Flat breads such as chapattis, rotis, naan and puri’s are served alongside the Dal and often used as the utensil to scoop up the soup like mixture. Chutneys, relish and pickles are served as condiments and enhance the flavors of the dal. Served with a fresh green salad you have the makings of a satisfying lunch or dinner meal.
In order to stay true to the traditional recipes I took a trip to my local library and picked up a few cookbooks written by Indian men, who wrote lovingly about the meals their mothers prepared when they were growing up. I enjoyed reading the stories of their childhoods and the way the recipes played into their lives for years thereafter. Although the internet is heavy with downloadable recipes I still prefer, or perhaps it is trust, what it written in a beautifully illustrated book, authored by a chef who knows what he/she is talking about. So for your reading appetite I introduce:
Indian Home Cooking, by Michael Batterberry (ISBN 0-609-61101-1)
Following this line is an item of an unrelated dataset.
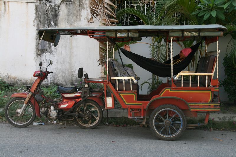 Petite sieste d’un chauffeur dans un “tuk-tuk” !
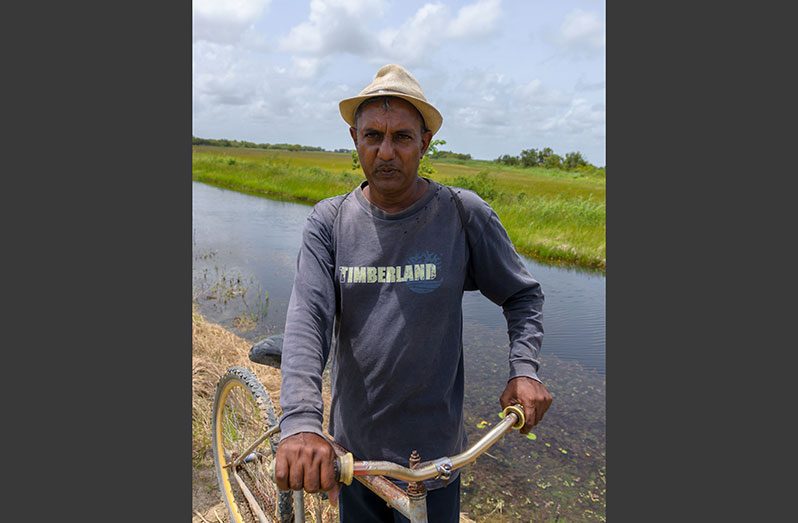Parsram Khelawan is 86 years old and a farmer, who was observed walking and spraying the tall grass by the koker which is used as a landing for boats and a loading area for produce.

The Turmeric Trail, Raghavan Iyer (ISBN 0-312-27682-6)
Fresh Indian, by, Sunil Vijayakar (ISBN 1-4351-0068-9)
And now for the recipes.
1 cup yellow split peas, picked over, washed and drained * ½ teaspoon turmeric *
1 teaspoon salt, or to taste * 4 cups water * 2 cups Swiss chard, chopped
1 tablespoon coconut oil * 1 tablespoon cumin seeds * 1 teaspoon fennel seed * 1 med. onion, chopped * 1 tablespoon fresh ginger, minced * 1 whole green chili, seeded, diced * 3 clove garlic, minced * ¼ cup chopped fresh cilantro * Juice of ½ lime or lemon
1. Put the split peas into a large saucepan with the turmeric, salt, and water. Bring to a boil and skim well. Reduce the heat and simmer, covered, until the lentils are soft, 20 to 30 minutes. 2. Add water during cooking, if necessary. Taste for salt and add more if you need to. If you like a thicker dal, use a whisk to break up the lentils into a puree. If you like a thinner dal, add water.
3. For the tempering oil, heat the oil with the cumin and fennel seeds in a small frying pan over medium-high heat. Cook, stirring, until the cumin turns a light brown color, 1 to 2 minutes. Add the onion, chili, ginger, garlic, and cook, stirring, until the garlic no longer smells raw and turns a golden brown color, about 30 more seconds.
4. Stir the tempering oil, half of the cilantro, and all of the lime or lemon juice into the dal. Add a small amount of water to the skillet and wash out any extra oil or herbs and add to the dal. Add the swiss chard and stir well.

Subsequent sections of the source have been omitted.